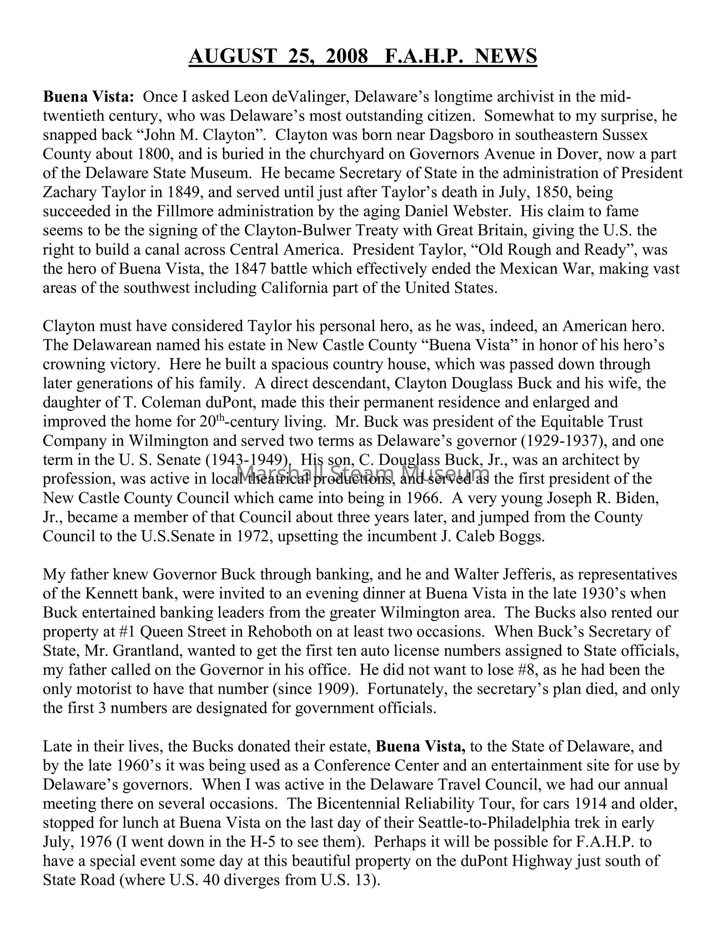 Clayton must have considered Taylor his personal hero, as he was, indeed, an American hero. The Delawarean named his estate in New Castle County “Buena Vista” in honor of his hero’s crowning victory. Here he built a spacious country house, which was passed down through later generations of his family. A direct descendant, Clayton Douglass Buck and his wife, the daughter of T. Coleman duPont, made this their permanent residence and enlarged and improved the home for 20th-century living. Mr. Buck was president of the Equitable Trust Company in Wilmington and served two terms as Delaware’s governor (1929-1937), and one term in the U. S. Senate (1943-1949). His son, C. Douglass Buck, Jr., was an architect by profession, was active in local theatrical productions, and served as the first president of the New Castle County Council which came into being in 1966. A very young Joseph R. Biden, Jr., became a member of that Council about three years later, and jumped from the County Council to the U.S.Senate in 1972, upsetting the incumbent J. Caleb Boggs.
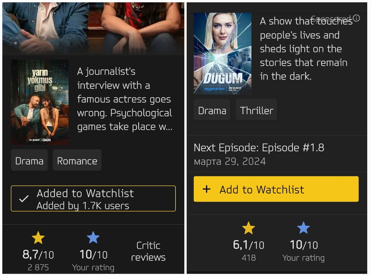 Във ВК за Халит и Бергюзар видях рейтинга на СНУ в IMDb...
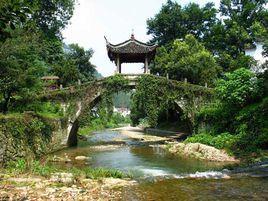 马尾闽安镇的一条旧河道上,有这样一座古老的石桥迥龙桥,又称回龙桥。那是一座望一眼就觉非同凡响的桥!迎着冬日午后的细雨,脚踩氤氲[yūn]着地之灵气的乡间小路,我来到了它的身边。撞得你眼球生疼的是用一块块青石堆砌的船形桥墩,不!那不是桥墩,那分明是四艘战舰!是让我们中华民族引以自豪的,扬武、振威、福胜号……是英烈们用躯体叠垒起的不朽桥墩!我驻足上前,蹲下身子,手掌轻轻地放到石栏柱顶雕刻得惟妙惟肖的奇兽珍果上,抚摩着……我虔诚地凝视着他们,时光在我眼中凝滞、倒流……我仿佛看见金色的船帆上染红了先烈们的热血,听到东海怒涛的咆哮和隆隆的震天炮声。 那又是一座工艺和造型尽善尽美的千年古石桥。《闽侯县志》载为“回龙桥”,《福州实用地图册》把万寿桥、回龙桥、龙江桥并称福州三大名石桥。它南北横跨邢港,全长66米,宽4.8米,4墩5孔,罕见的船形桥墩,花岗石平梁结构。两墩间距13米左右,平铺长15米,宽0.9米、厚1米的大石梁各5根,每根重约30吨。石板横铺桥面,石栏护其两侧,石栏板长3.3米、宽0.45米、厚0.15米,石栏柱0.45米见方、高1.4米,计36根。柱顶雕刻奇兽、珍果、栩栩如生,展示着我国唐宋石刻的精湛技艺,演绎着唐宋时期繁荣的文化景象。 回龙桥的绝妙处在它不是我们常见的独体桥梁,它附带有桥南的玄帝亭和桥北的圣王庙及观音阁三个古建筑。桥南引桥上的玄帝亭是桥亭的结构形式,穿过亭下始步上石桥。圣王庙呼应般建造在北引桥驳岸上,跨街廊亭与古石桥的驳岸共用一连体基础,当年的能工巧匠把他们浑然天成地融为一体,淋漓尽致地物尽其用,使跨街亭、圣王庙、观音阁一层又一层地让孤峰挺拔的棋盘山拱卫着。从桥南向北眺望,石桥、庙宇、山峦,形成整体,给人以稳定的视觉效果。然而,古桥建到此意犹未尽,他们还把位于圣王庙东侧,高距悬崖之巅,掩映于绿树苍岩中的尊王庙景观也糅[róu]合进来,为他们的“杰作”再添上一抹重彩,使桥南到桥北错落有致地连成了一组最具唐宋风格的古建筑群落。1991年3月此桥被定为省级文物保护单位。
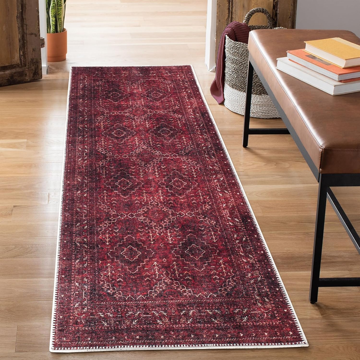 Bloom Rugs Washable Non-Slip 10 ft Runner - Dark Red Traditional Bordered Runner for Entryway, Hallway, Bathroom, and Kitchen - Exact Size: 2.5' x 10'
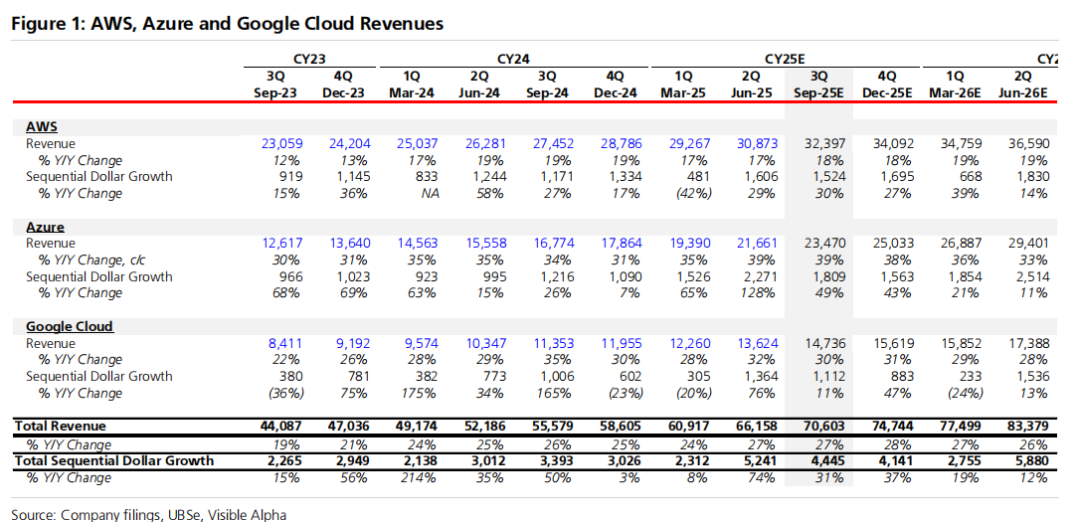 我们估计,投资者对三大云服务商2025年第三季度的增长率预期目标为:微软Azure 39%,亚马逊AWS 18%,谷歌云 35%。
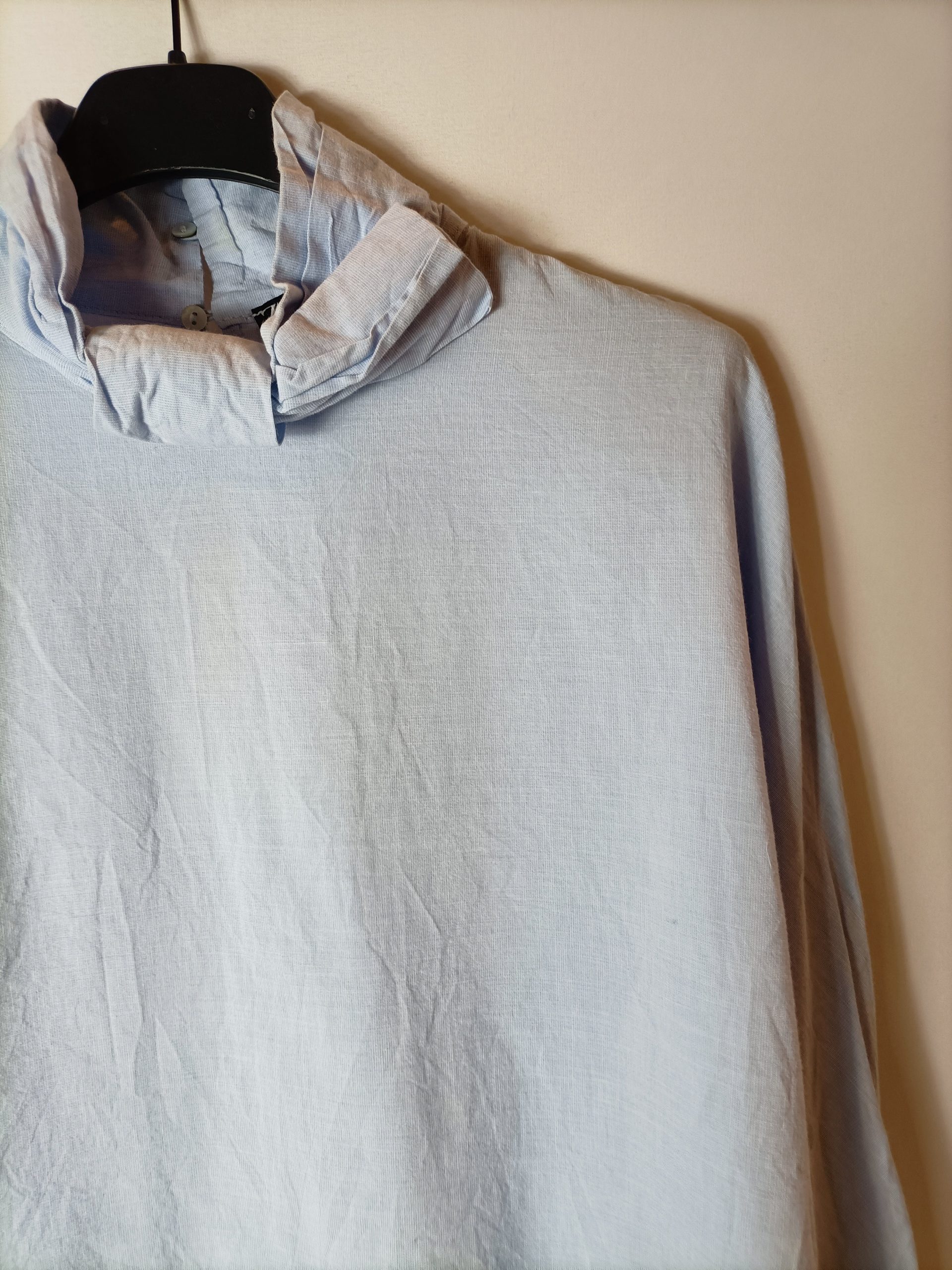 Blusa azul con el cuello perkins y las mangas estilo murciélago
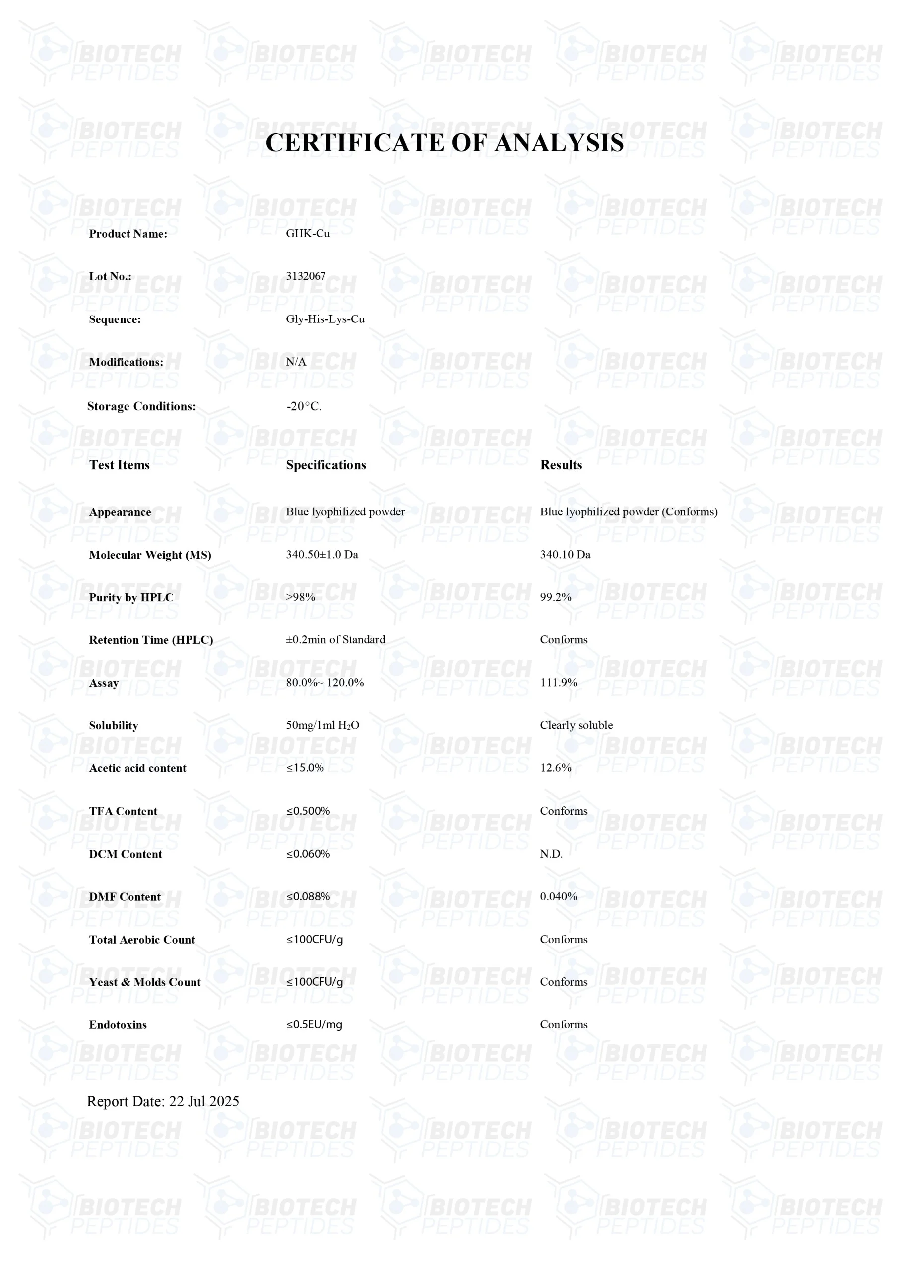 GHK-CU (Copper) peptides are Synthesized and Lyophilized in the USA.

▶ _TO DO_
Give back every record above exactly as written, skipping each picture.

▶ _TASK SOLUTION_
 Clayton must have considered Taylor his personal hero, as he was, indeed, an American hero. The Delawarean named his estate in New Castle County “Buena Vista” in honor of his hero’s crowning victory. Here he built a spacious country house, which was passed down through later generations of his family. A direct descendant, Clayton Douglass Buck and his wife, the daughter of T. Coleman duPont, made this their permanent residence and enlarged and improved the home for 20th-century living. Mr. Buck was president of the Equitable Trust Company in Wilmington and served two terms as Delaware’s governor (1929-1937), and one term in the U. S. Senate (1943-1949). His son, C. Douglass Buck, Jr., was an architect by profession, was active in local theatrical productions, and served as the first president of the New Castle County Council which came into being in 1966. A very young Joseph R. Biden, Jr., became a member of that Council about three years later, and jumped from the County Council to the U.S.Senate in 1972, upsetting the incumbent J. Caleb Boggs.
 Във ВК за Халит и Бергюзар видях рейтинга на СНУ в IMDb...
 马尾闽安镇的一条旧河道上,有这样一座古老的石桥迥龙桥,又称回龙桥。那是一座望一眼就觉非同凡响的桥!迎着冬日午后的细雨,脚踩氤氲[yūn]着地之灵气的乡间小路,我来到了它的身边。撞得你眼球生疼的是用一块块青石堆砌的船形桥墩,不!那不是桥墩,那分明是四艘战舰!是让我们中华民族引以自豪的,扬武、振威、福胜号……是英烈们用躯体叠垒起的不朽桥墩!我驻足上前,蹲下身子,手掌轻轻地放到石栏柱顶雕刻得惟妙惟肖的奇兽珍果上,抚摩着……我虔诚地凝视着他们,时光在我眼中凝滞、倒流……我仿佛看见金色的船帆上染红了先烈们的热血,听到东海怒涛的咆哮和隆隆的震天炮声。 那又是一座工艺和造型尽善尽美的千年古石桥。《闽侯县志》载为“回龙桥”,《福州实用地图册》把万寿桥、回龙桥、龙江桥并称福州三大名石桥。它南北横跨邢港,全长66米,宽4.8米,4墩5孔,罕见的船形桥墩,花岗石平梁结构。两墩间距13米左右,平铺长15米,宽0.9米、厚1米的大石梁各5根,每根重约30吨。石板横铺桥面,石栏护其两侧,石栏板长3.3米、宽0.45米、厚0.15米,石栏柱0.45米见方、高1.4米,计36根。柱顶雕刻奇兽、珍果、栩栩如生,展示着我国唐宋石刻的精湛技艺,演绎着唐宋时期繁荣的文化景象。 回龙桥的绝妙处在它不是我们常见的独体桥梁,它附带有桥南的玄帝亭和桥北的圣王庙及观音阁三个古建筑。桥南引桥上的玄帝亭是桥亭的结构形式,穿过亭下始步上石桥。圣王庙呼应般建造在北引桥驳岸上,跨街廊亭与古石桥的驳岸共用一连体基础,当年的能工巧匠把他们浑然天成地融为一体,淋漓尽致地物尽其用,使跨街亭、圣王庙、观音阁一层又一层地让孤峰挺拔的棋盘山拱卫着。从桥南向北眺望,石桥、庙宇、山峦,形成整体,给人以稳定的视觉效果。然而,古桥建到此意犹未尽,他们还把位于圣王庙东侧,高距悬崖之巅,掩映于绿树苍岩中的尊王庙景观也糅[róu]合进来,为他们的“杰作”再添上一抹重彩,使桥南到桥北错落有致地连成了一组最具唐宋风格的古建筑群落。1991年3月此桥被定为省级文物保护单位。
 Bloom Rugs Washable Non-Slip 10 ft Runner - Dark Red Traditional Bordered Runner for Entryway, Hallway, Bathroom, and Kitchen - Exact Size: 2.5' x 10'
 我们估计,投资者对三大云服务商2025年第三季度的增长率预期目标为:微软Azure 39%,亚马逊AWS 18%,谷歌云 35%。
 Blusa azul con el cuello perkins y las mangas estilo murciélago
 GHK-CU (Copper) peptides are Synthesized and Lyophilized in the USA.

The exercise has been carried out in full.